(Collected data entries)
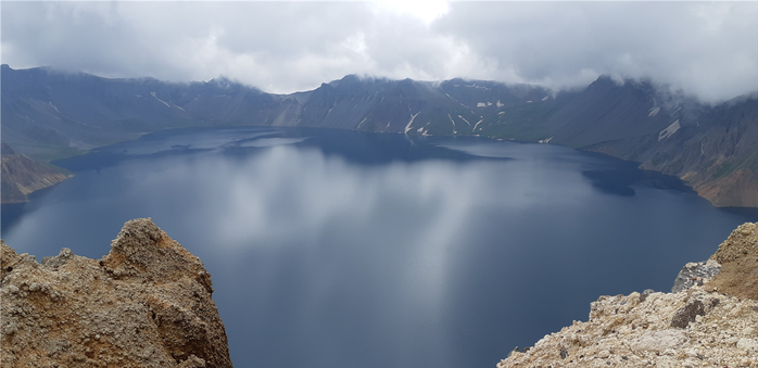 | ▲ 세계일보 조사위원 탐방단이 지난달 5일 북백두에 오른 후 바라본 천지 모습. |
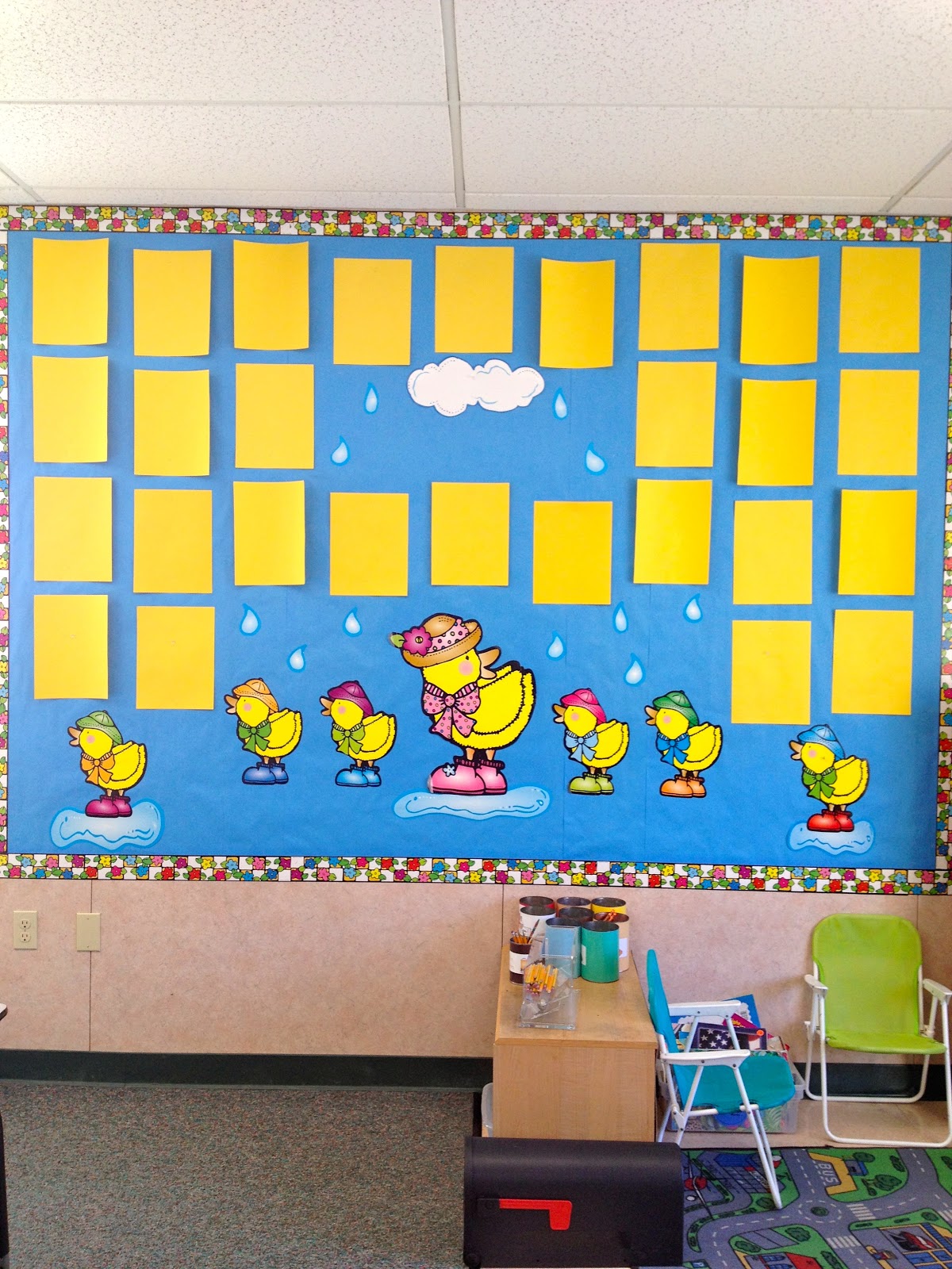 I’m in the process of changing my winter bulletin boards over to spring. Yes, yes, I know, it’s not spring yet. But I was over the snowmen and the snow (says the Californian). It was time for these cute DJ Inkers ducks . . . I just need a title. Any ideas?????
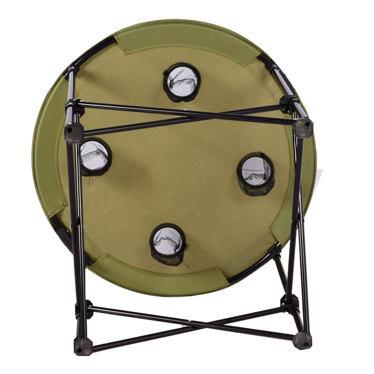 Enjoy outdoor meals and beverages with this round folding table with a convenient built-in cup holder. Its foldable design allows easy setup and storage, while the sturdy surface provides reliable support for food, drinks, and accessories. The integrated cup holder keeps drinks secure, preventing spills and adding extra convenience. Lightweight and portable, it’s good for camping trips, picnics, or backyard gatherings. The round shape promotes social interaction and adds a stylish touch to any outdoor setting. Durable and functional, it combines comfort, practicality, and portability in one compact design.
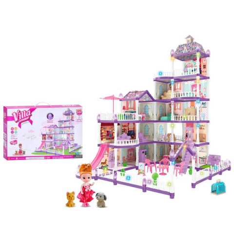 Будиночок 5 поверхів, світло, меблі, лялька 11 см, тварини, 340 деталей, 48x32x10 см (В асортименті)
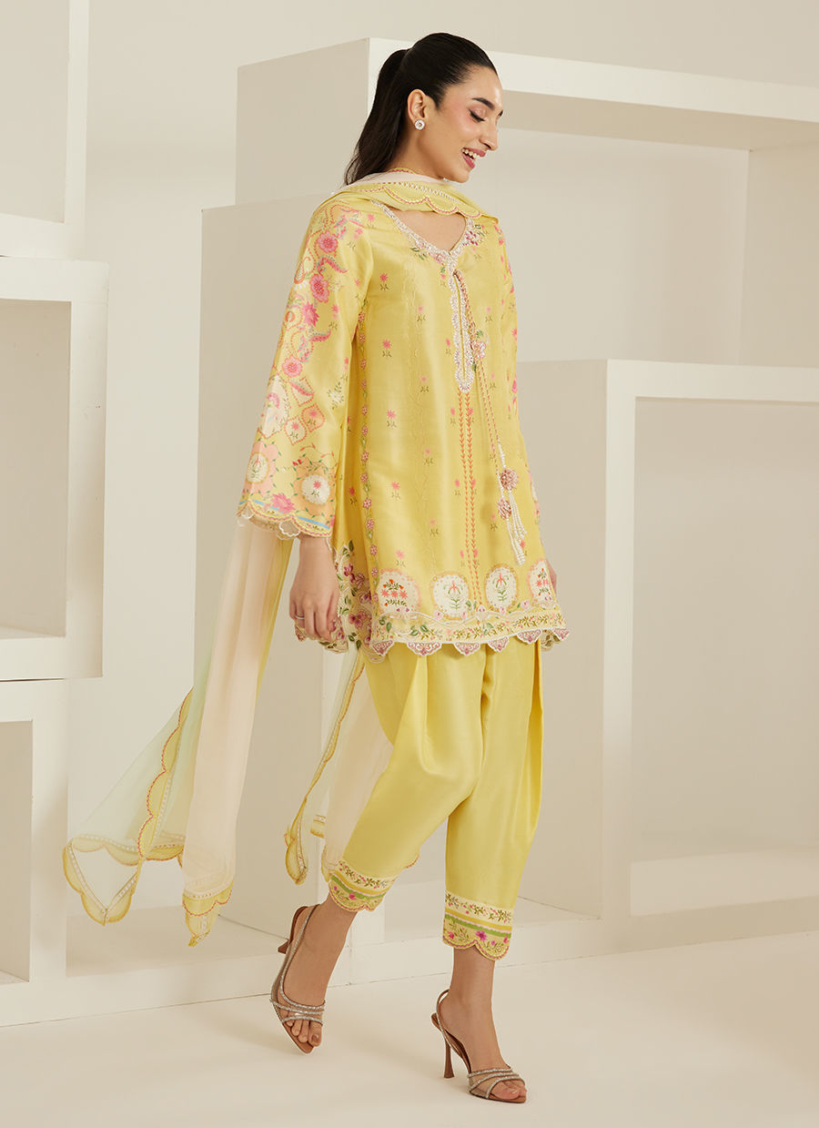 Radiant and uplifting, Evelina captures the essence of festive mornings wrapped in effortless elegance. Crafted in pure raw silk, the shirt is adorned with delicate floral motifs that bloom across a warm sunlit yellow base, creating a look that feels vibrant yet refined.
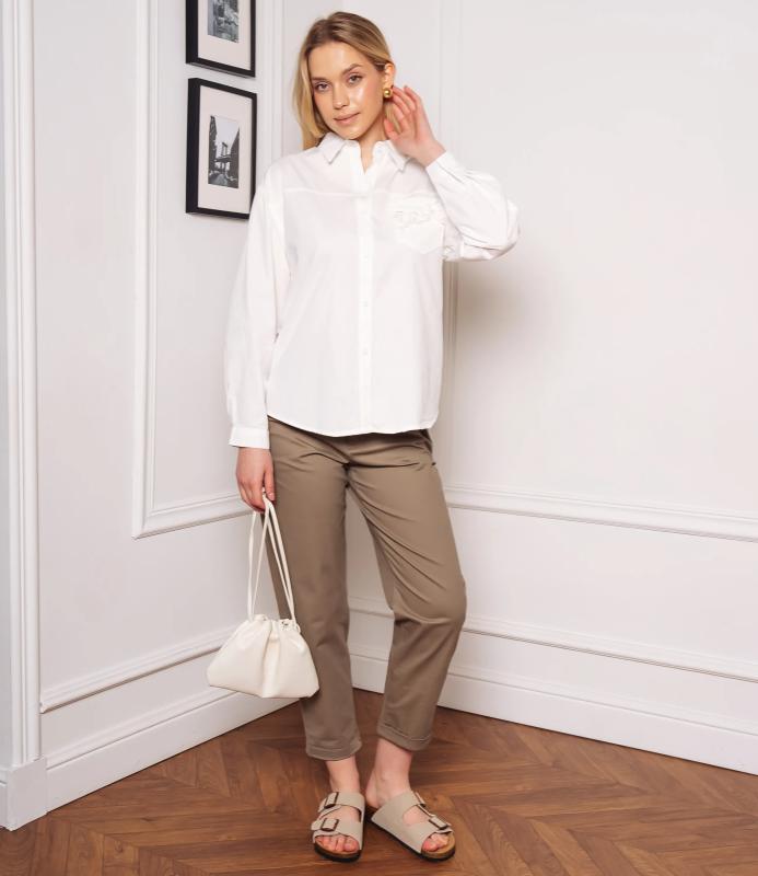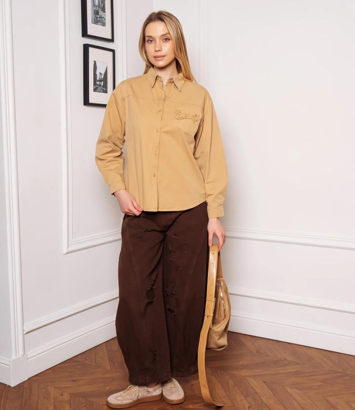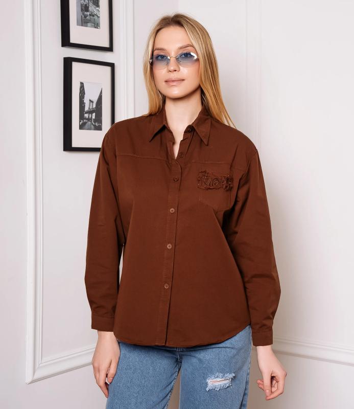 Рубашка — это часть гардероба, которая подчёркивает привлекательность и индивидуальность любой женщины. Рубашка прямого кроя с классическим воротником, застёжкой на пуговицах, длинными рукавами с манжетами. Имеет накладной карман на груди с декоративной отделкой, изогнутый подол. Ткань гладкая, с лёгкой текстурой, силуэт универсальный — подходит для деловых и повседневных образов. Для пошива использована ткань: 100% хлопок. Мы предлагаем выгодные оптовые условия, гибкую ценовую политику и надёжные поставки для магазинов. Установленная цена адекватна и позволит вам формировать привлекательную наценку и обеспечивать высокую оборотность. Предложите своим покупательницам рубашку, сочетающую комфорт, качество и повседневную элегантность. Вы будете носи
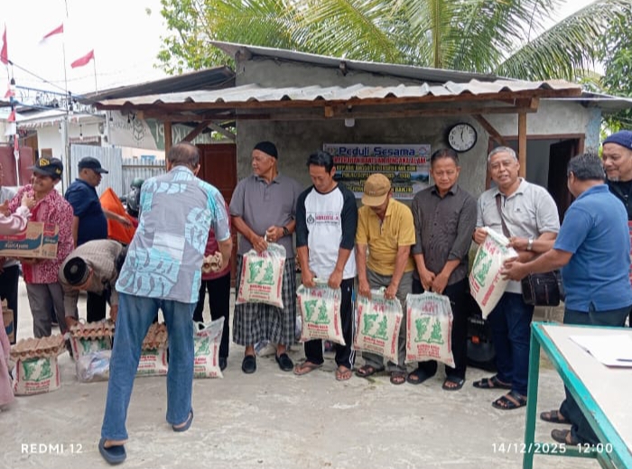 Penyerahan bantuan berlangsung di Sekretariat FORSEBA, Jalan A. Sani Muthalib, Kelurahan Terjun, Kecamatan Medan Marelan, Minggu (14/12/2025).
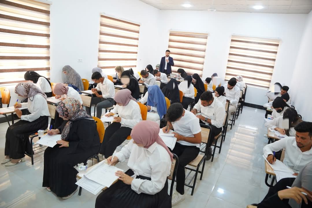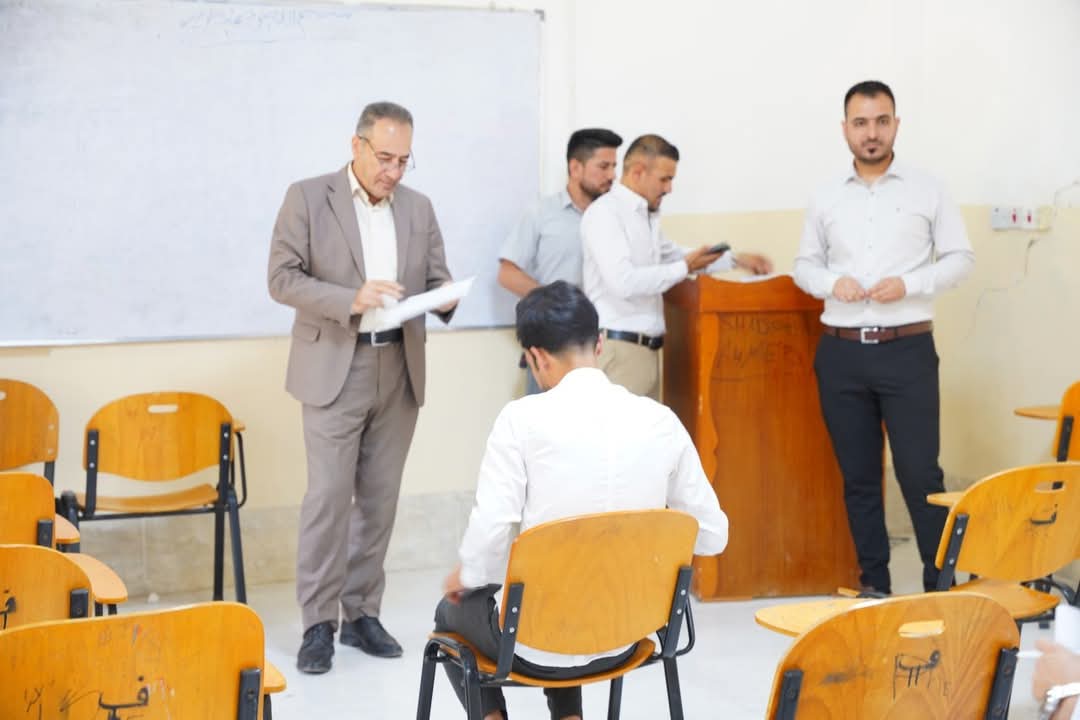 وتفقد السيد العميد عددًا من القاعات الامتحانية، واطلع على انسيابية أداء الطلبة، وتوفّر الأجواء المناسبة التي تعزز من قدرتهم على أداء امتحاناتهم بكفاءة وارتياح. كما أثنى سيادته على الجهود المبذولة من قبل اللجان الامتحانية، مشيدًا بالتعاون والتنسيق العالي بين الملاكات التدريسية والإدارية، والذي يسهم في ضمان نجاح الامتحانات وتحقيق معايير الجودة والشفافية المعتمدة.

▶ **Instructions to follow**
Please restate the lines above exactly, starting at the first line of the data and stopping at the line containing "I’m in the process", which is included. Omit pictures.

▶ **Task answer**
 | ▲ 세계일보 조사위원 탐방단이 지난달 5일 북백두에 오른 후 바라본 천지 모습. |
 I’m in the process of changing my winter bulletin boards over to spring. Yes, yes, I know, it’s not spring yet. But I was over the snowmen and the snow (says the Californian). It was time for these cute DJ Inkers ducks . . . I just need a title. Any ideas?????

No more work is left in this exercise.